Extracted records
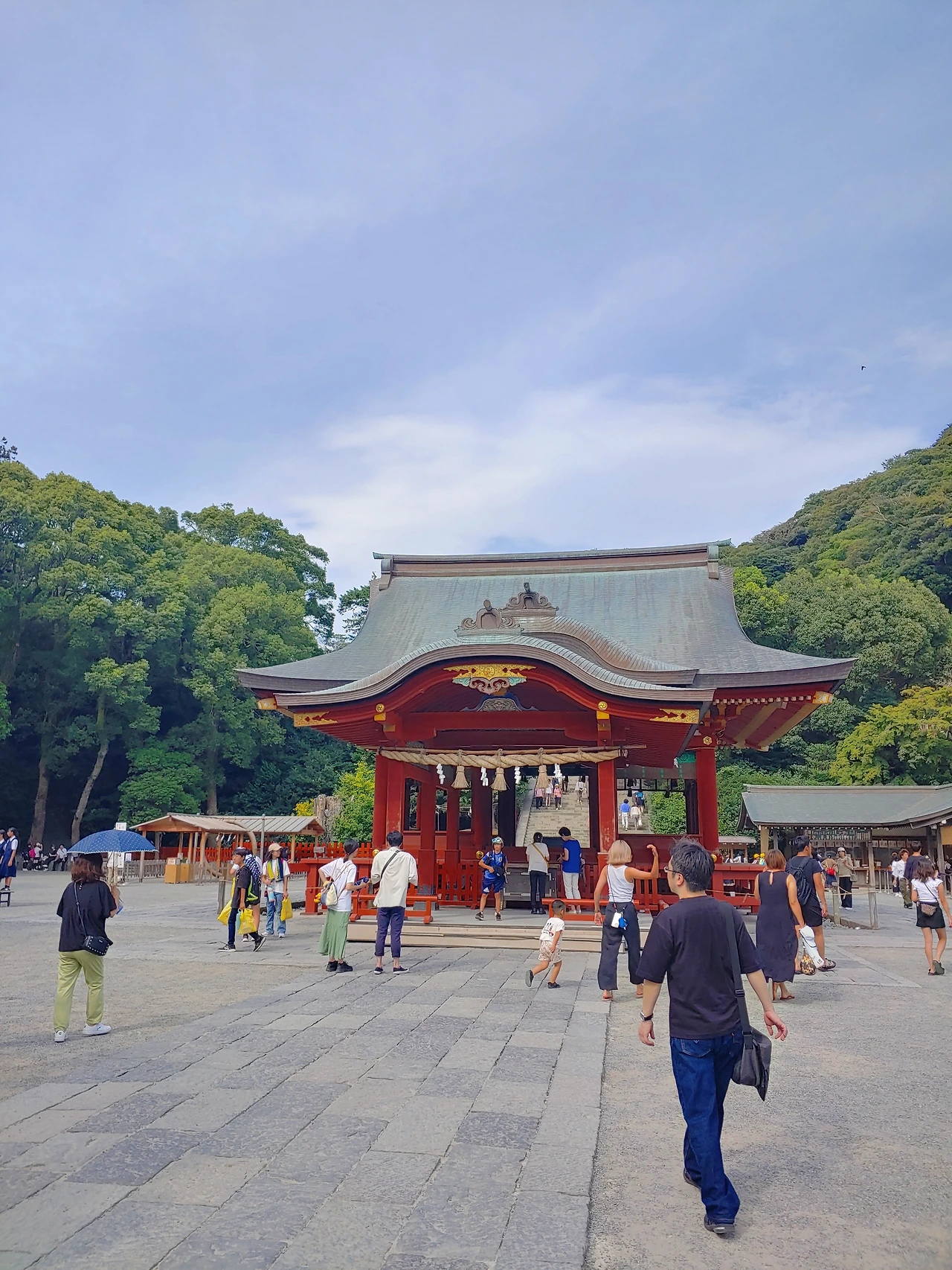 “‘쓰루가오카하치만구’라는 이름이 너무 어렵지? 히히. 나도 같은 생각이야. 도쿄 근교인 가마쿠라의 가장 끝 역인 가마쿠라역에서 내려서도 한참 끝으로 걸어가서 고마치도리 거리를 지나면 나오는 신사야. 예상외로 광활한 신사라서 놀랐어. 사실 가마쿠라는 전철도, 집도, 거리도 아기자기한 곳이 많았거든. SNS에서 일본 감성 명소로 나올 법한 곳들이랄까? 아까 산책하면서 고쿠라쿠지역도 봤는데 역은 작지만 푸른빛 나뭇잎과 역 앞 우체통, 초록색 표지판이 어찌나 조화롭게 잘 어우러지던지… 너도 분명 한눈에 반할 거야.
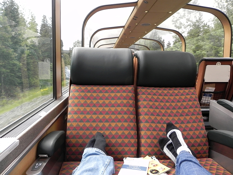 Also haben wir uns in den Panoramawagen verzogen. War uns eh lieber, denn da konnte man wirklich gut in die Gegend schauen, dabei einen Kaffee oder einen Tee trinken und sich einfach entspannen, ein Buch lesen, etc. Eine wahre „Bahnkreuzfahrt“ im eigentlichen Sinne.
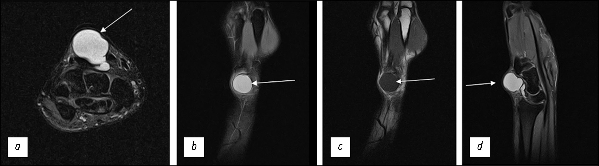 7. Fig. 6. Large encapsulated ganglion cyst of the dorsal hand with neck-like connection to the wrist cavity; (a) PD-weighted images with fat suppression in the axial plane; (b) PD-weighted images with fat suppression in the coronal plane; (c) T1-weighted images in the coronal plane; (d) PD-weighted images with fat suppression in the sagittal plane.
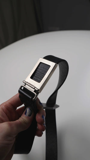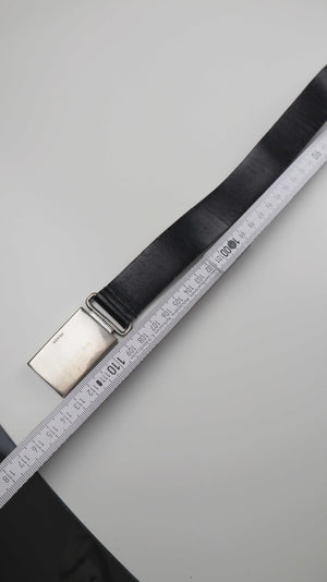 Schwarzer Ledergürtel von Prada mit silberner Schnalle. Länge 108 cm. Man kann ihn ohne Löcher in der Größe verstellen und durch das Umklappen der Hauptschnalle einklicken. Plus Versand
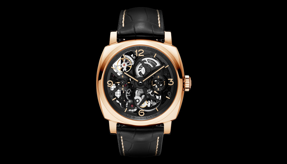 Galileo Galilei’s law of isochronism (or equal intervals) of the oscillations of the pendulum contributed greatly to watchmaking. It unlocked the puzzle to regulating the swing of the balance wheel as the power reserve depletes between each winding. In 2012, Panerai sponsored a special section in the Museo Galileo in Florence detailing his contributions to time measurement. In conjunction, the brand launched the Lo Scienziato (The Scientist) range. The latest addition, Radiomir 1940 Tourbillon GMT Oro Rosso, showcases the skeletonised P. 2005/S hand-wound caliber with an almost dial-less design. The tourbillon completes a rotation within its cage every 30 seconds instead of the more usual 60, and in a perpendicular direction, instead of parallel, to the balance wheel.
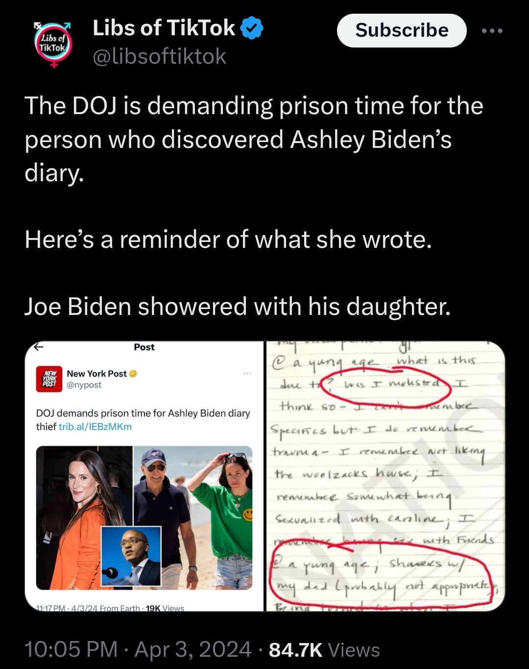 And if Ashley Biden’s diary is real as the DOJ has now confirmed, then American’s have a pedophile in Joe Biden occupying the Oval Office.
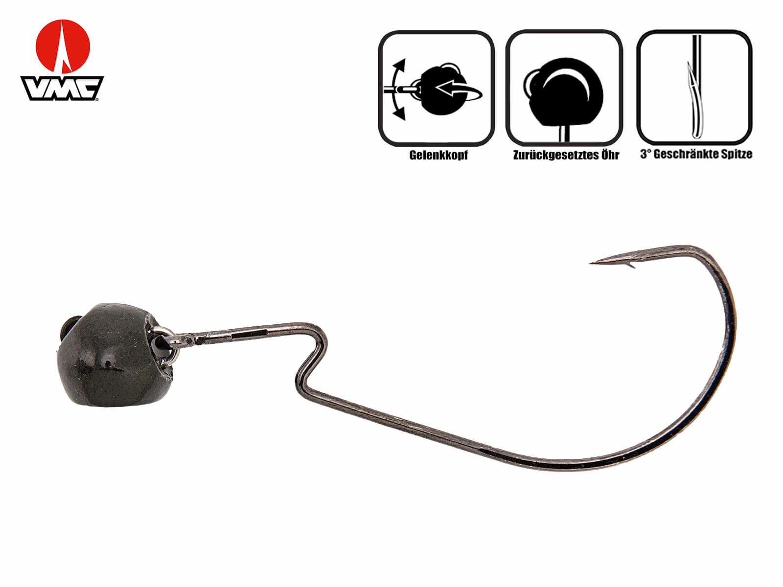 Die VMC Mystic Swingin Rugby Jigs (7320SJ) bestehen aus einem Wide Gap Haken, der beweglich an einem Bleikopf montiert ist. Dies ermöglicht dem Gummifisch ein lebhafteres Spiel. Die Hakenspitze ist extrem scharf, 3° geschränkt und fasst so zuverlässig im Fischmaul.
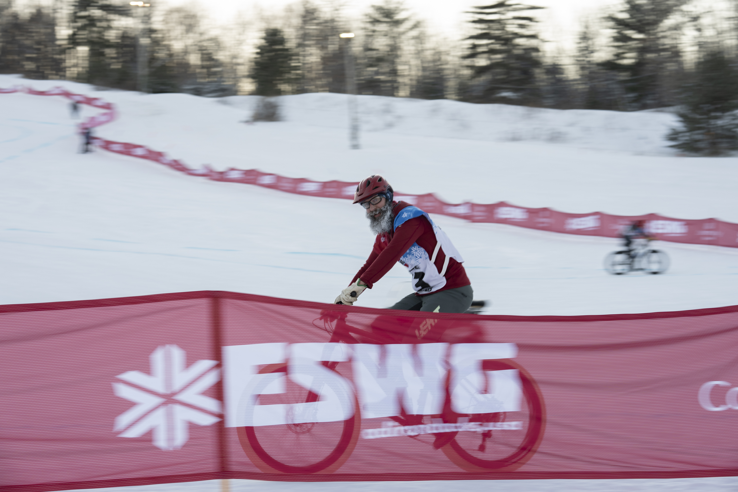 Patrick Robinson of Ringwood, N.J., smiles at the camera after completing his second lap during the Empire State Winter Games Cross-Country Biking 5K race at Mt. Pisgah on Saturday, February 5, 2022. (Photo by Kayla Breen/Newhouse School)
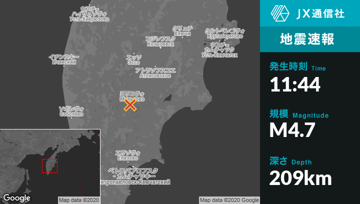 | 震源地 | ロシアのEssoから南135kmの地点 |
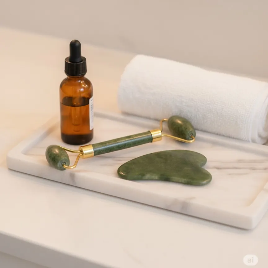 Genuine Jade Facial Roller & Gua Sha Massager Set | Anti-Aging & Face Sculpting Tool
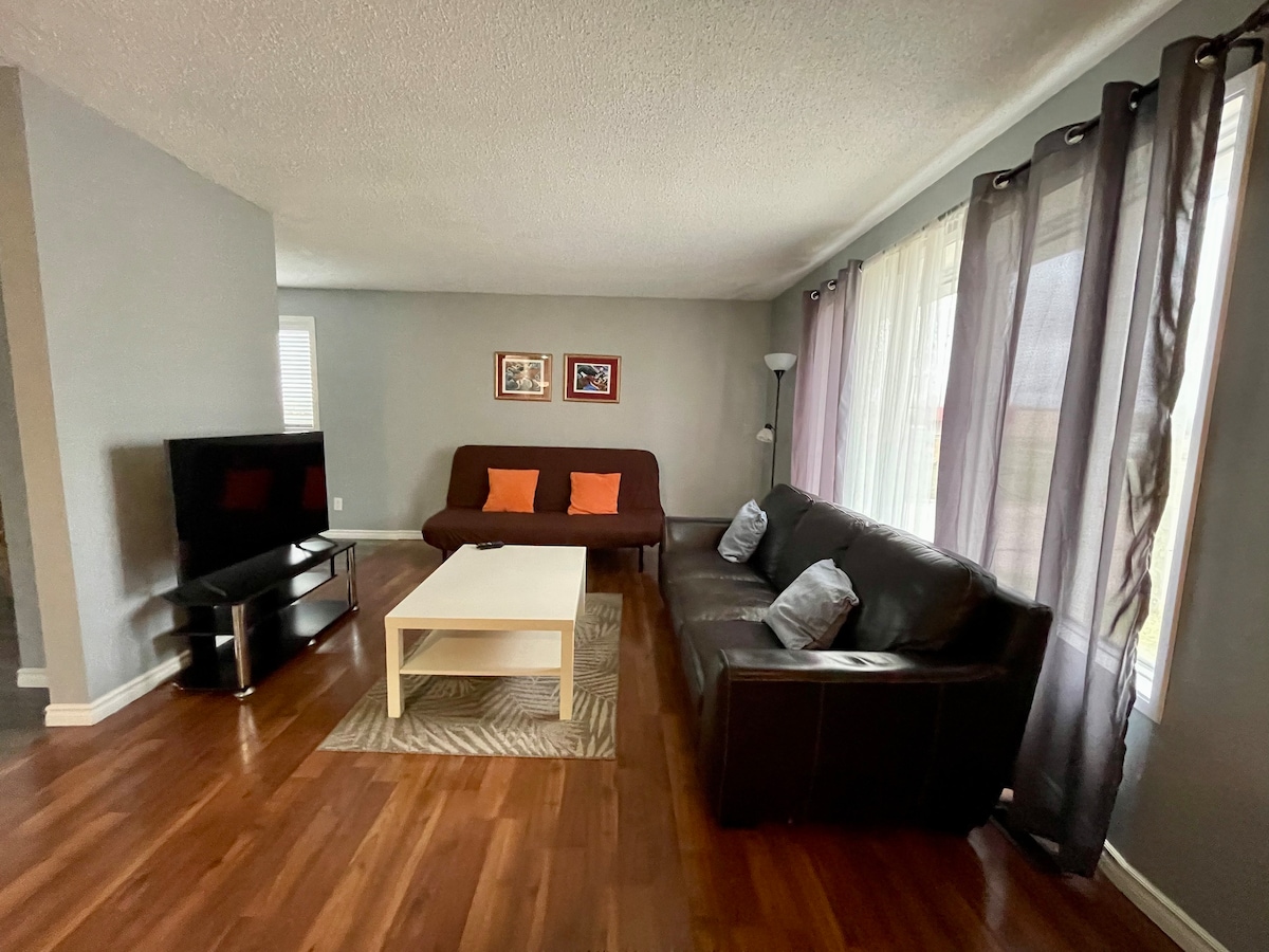 Føl deg som hjemme på dette romslige og rolige stedet. Bare 3–5 minutters gange unna gatekjøkken, restauranter, shopping, parker og Stettler sykehus. Se på film på 70-tommers TV-en eller bare nyt utsikten over en frukthage gjennom de store vinduene. Ideell for både langvarige og korte opphold. Vaskemaskin og tørketrommel pluss et stort kjøleskap. Sov på to queensize-senger fra Serta. Opplev luksusen med mindre penger.

§ Prompt
No pictures belong in the copy. Retype exactly, and only, the lines from the line containing "震源地 | ロシアのEssoから南135kmの地点 |" through the last line of the data, both included.

§ Task answer
 | 震源地 | ロシアのEssoから南135kmの地点 |
 Genuine Jade Facial Roller & Gua Sha Massager Set | Anti-Aging & Face Sculpting Tool
 Føl deg som hjemme på dette romslige og rolige stedet. Bare 3–5 minutters gange unna gatekjøkken, restauranter, shopping, parker og Stettler sykehus. Se på film på 70-tommers TV-en eller bare nyt utsikten over en frukthage gjennom de store vinduene. Ideell for både langvarige og korte opphold. Vaskemaskin og tørketrommel pluss et stort kjøleskap. Sov på to queensize-senger fra Serta. Opplev luksusen med mindre penger.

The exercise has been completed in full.